◆ Provided data
● ● ●

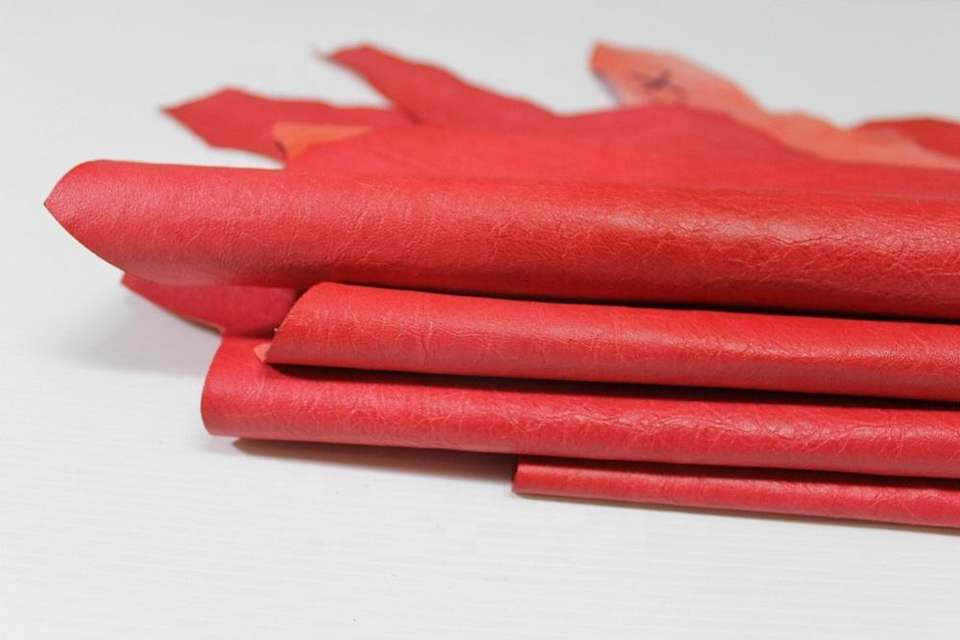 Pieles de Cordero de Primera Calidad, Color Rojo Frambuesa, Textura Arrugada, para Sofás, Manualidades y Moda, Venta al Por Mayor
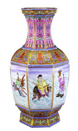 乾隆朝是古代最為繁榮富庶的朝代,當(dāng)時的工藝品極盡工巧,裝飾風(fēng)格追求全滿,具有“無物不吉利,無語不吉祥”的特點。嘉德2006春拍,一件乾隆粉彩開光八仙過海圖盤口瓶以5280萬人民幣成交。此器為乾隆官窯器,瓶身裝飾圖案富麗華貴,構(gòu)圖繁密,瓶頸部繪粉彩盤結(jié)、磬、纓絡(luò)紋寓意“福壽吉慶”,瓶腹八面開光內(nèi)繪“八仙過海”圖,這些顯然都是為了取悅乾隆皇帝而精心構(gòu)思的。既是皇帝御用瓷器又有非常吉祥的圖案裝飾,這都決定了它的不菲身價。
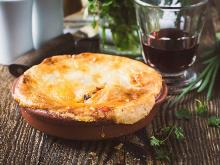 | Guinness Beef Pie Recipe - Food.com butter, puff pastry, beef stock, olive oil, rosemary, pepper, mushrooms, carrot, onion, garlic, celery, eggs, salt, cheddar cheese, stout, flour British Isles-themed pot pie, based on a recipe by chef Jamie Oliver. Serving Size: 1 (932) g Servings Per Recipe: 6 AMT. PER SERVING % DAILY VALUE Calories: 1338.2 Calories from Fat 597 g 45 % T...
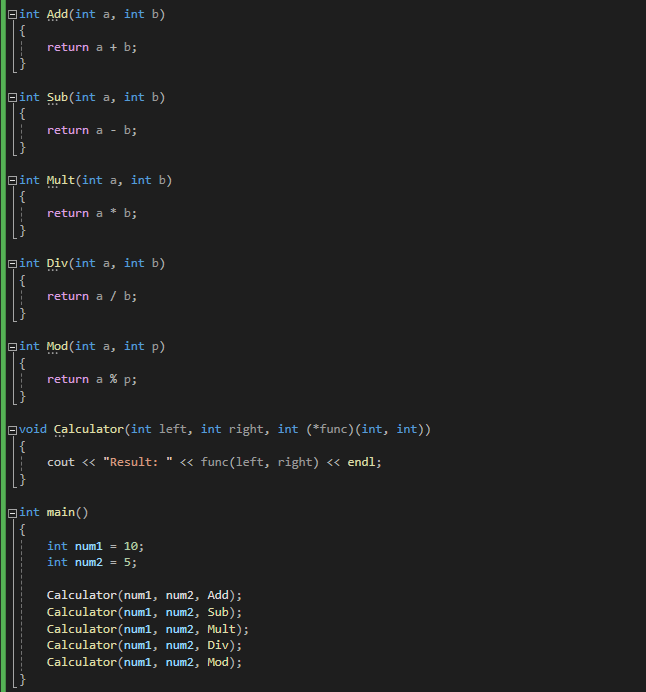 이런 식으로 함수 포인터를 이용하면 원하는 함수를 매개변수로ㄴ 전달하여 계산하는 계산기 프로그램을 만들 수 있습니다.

● ● ●

◆ Exercise prompt
When you retype the material above, keep every word exact and drop the images.

◆ The completed task
 Pieles de Cordero de Primera Calidad, Color Rojo Frambuesa, Textura Arrugada, para Sofás, Manualidades y Moda, Venta al Por Mayor
 乾隆朝是古代最為繁榮富庶的朝代,當(dāng)時的工藝品極盡工巧,裝飾風(fēng)格追求全滿,具有“無物不吉利,無語不吉祥”的特點。嘉德2006春拍,一件乾隆粉彩開光八仙過海圖盤口瓶以5280萬人民幣成交。此器為乾隆官窯器,瓶身裝飾圖案富麗華貴,構(gòu)圖繁密,瓶頸部繪粉彩盤結(jié)、磬、纓絡(luò)紋寓意“福壽吉慶”,瓶腹八面開光內(nèi)繪“八仙過海”圖,這些顯然都是為了取悅乾隆皇帝而精心構(gòu)思的。既是皇帝御用瓷器又有非常吉祥的圖案裝飾,這都決定了它的不菲身價。
 | Guinness Beef Pie Recipe - Food.com butter, puff pastry, beef stock, olive oil, rosemary, pepper, mushrooms, carrot, onion, garlic, celery, eggs, salt, cheddar cheese, stout, flour British Isles-themed pot pie, based on a recipe by chef Jamie Oliver. Serving Size: 1 (932) g Servings Per Recipe: 6 AMT. PER SERVING % DAILY VALUE Calories: 1338.2 Calories from Fat 597 g 45 % T...
 이런 식으로 함수 포인터를 이용하면 원하는 함수를 매개변수로ㄴ 전달하여 계산하는 계산기 프로그램을 만들 수 있습니다.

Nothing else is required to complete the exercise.